* **What you have to do**: Without any pictures, print exactly the lines that run from the start of the data through the line containing "Rotate your vice".
Supplied data: Begin
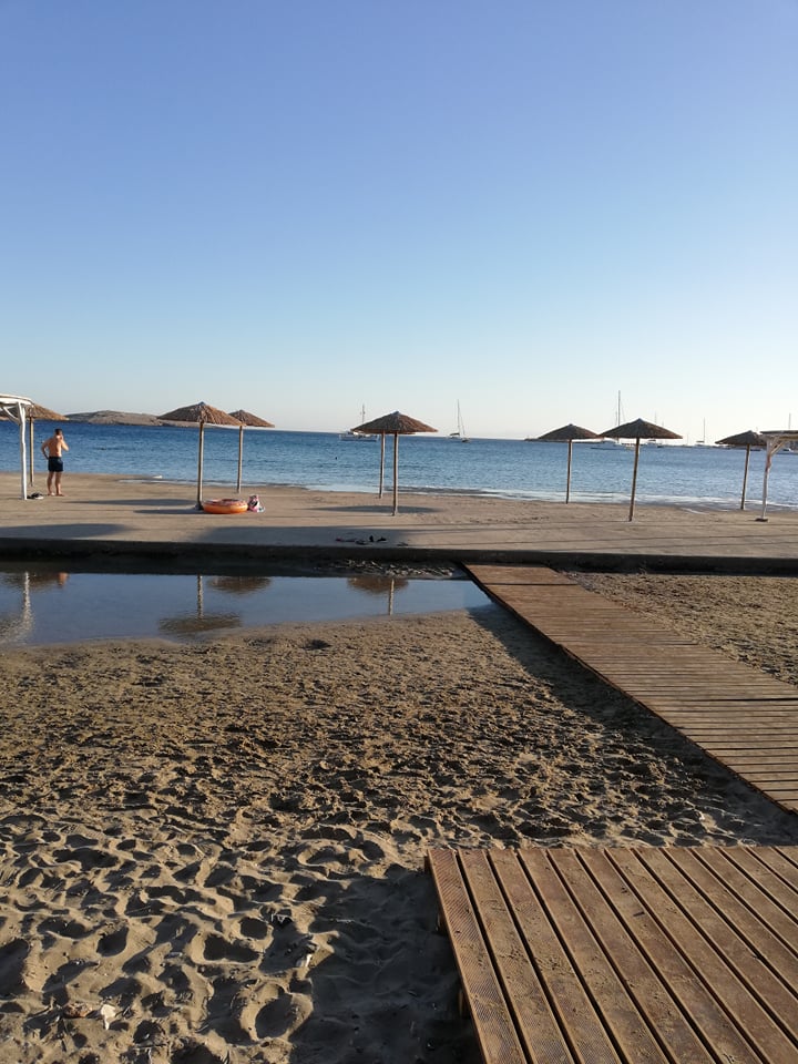 Πλέον, οι λουόμενοι μπορούν να παραμένουν με ασφάλεια επάνω στην πλατφόρμα αλλά και να απολαμβάνουν τον ήλιο, αφού τοποθετήθηκαν οκτώ ομπρέλες, για την προμήθεια των οποίων φρόντισε το Λιμενικό Ταμείο Σύρου, ενώ έχει τοποθετηθεί και ειδικός διάδρομος πρόσβασης σε αυτής.
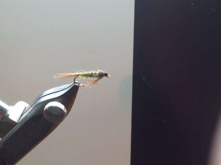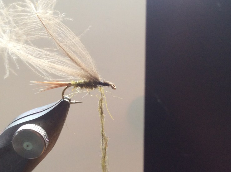 Rotate your vice to original position and bring the cdc fibres forward and tie in behind the eye to form the thorax cover. Form a neat head and tie off your thread. Varnish the head and your fly is complete
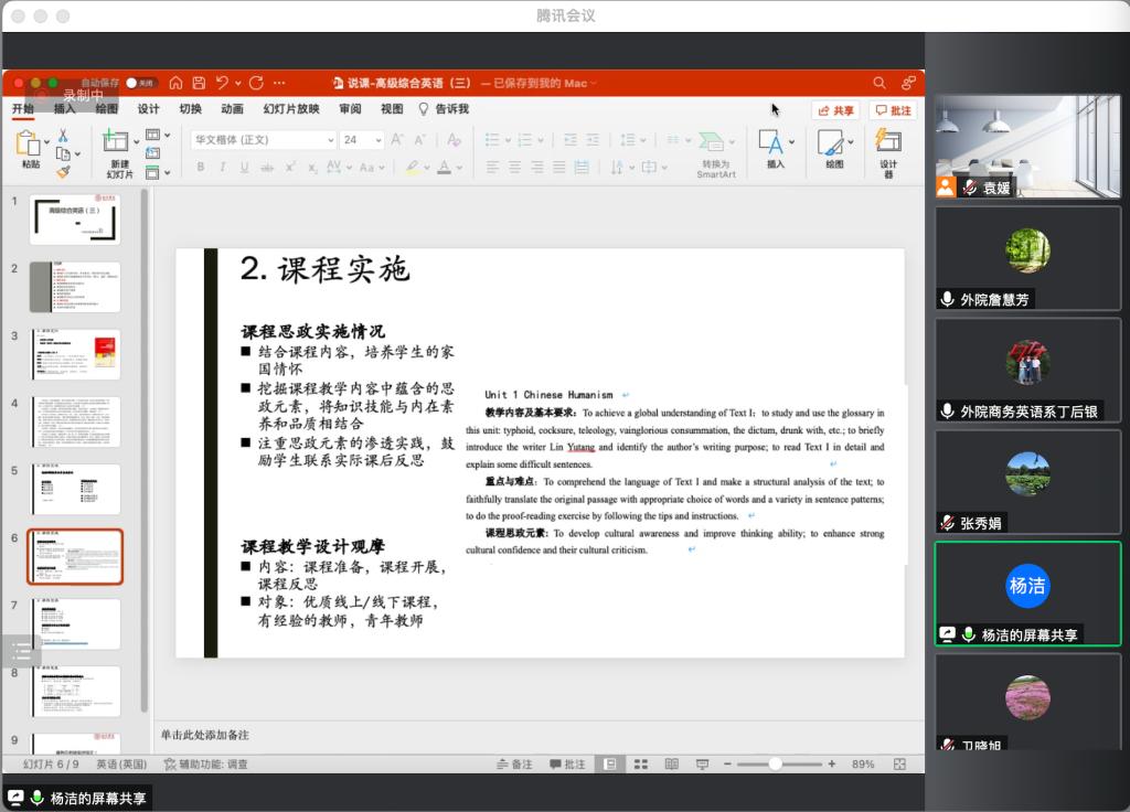 2022年8月24日,商务英语系组织全体老师参加“专任教师说课程”人人过关活动,每位老师对自己所带的每门课程进行了5-8分钟的说课,并邀请专业带头人詹慧芳教授给予点评。每位老师紧紧围绕评估“说课程”要求的九点内容,从课程性质、定位、对人才培养方案目标的支持度、课程思政实施、教学手段、方法创新等对自己所带课程进行了细致的讲解,并设计讲解其中一个单元的教学课程。这次说课活动,老师们对自己所带课程非常熟悉,即便是新教师也准备非常充分,但对于指标点的解释与想法不尽相同。大家积极讨论,相互借鉴,最后,大家对“说课程”要求的九个要求点进一步深化了认识,提升了从整个人才培养目标与课程体系来看课程的全局观。
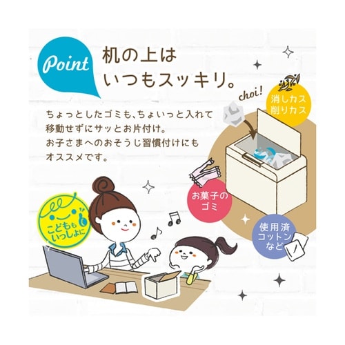 消しカス・削りカス、付箋、お菓子のゴミ、ティッシュなどのちょっとしたゴミもちょいっと入れてお片付け。木目のシンプルなデザインなのでリビングにも馴染みやすい。 |
Supplied data: End
* **Task solution**:
 Πλέον, οι λουόμενοι μπορούν να παραμένουν με ασφάλεια επάνω στην πλατφόρμα αλλά και να απολαμβάνουν τον ήλιο, αφού τοποθετήθηκαν οκτώ ομπρέλες, για την προμήθεια των οποίων φρόντισε το Λιμενικό Ταμείο Σύρου, ενώ έχει τοποθετηθεί και ειδικός διάδρομος πρόσβασης σε αυτής.
 Rotate your vice to original position and bring the cdc fibres forward and tie in behind the eye to form the thorax cover. Form a neat head and tie off your thread. Varnish the head and your fly is complete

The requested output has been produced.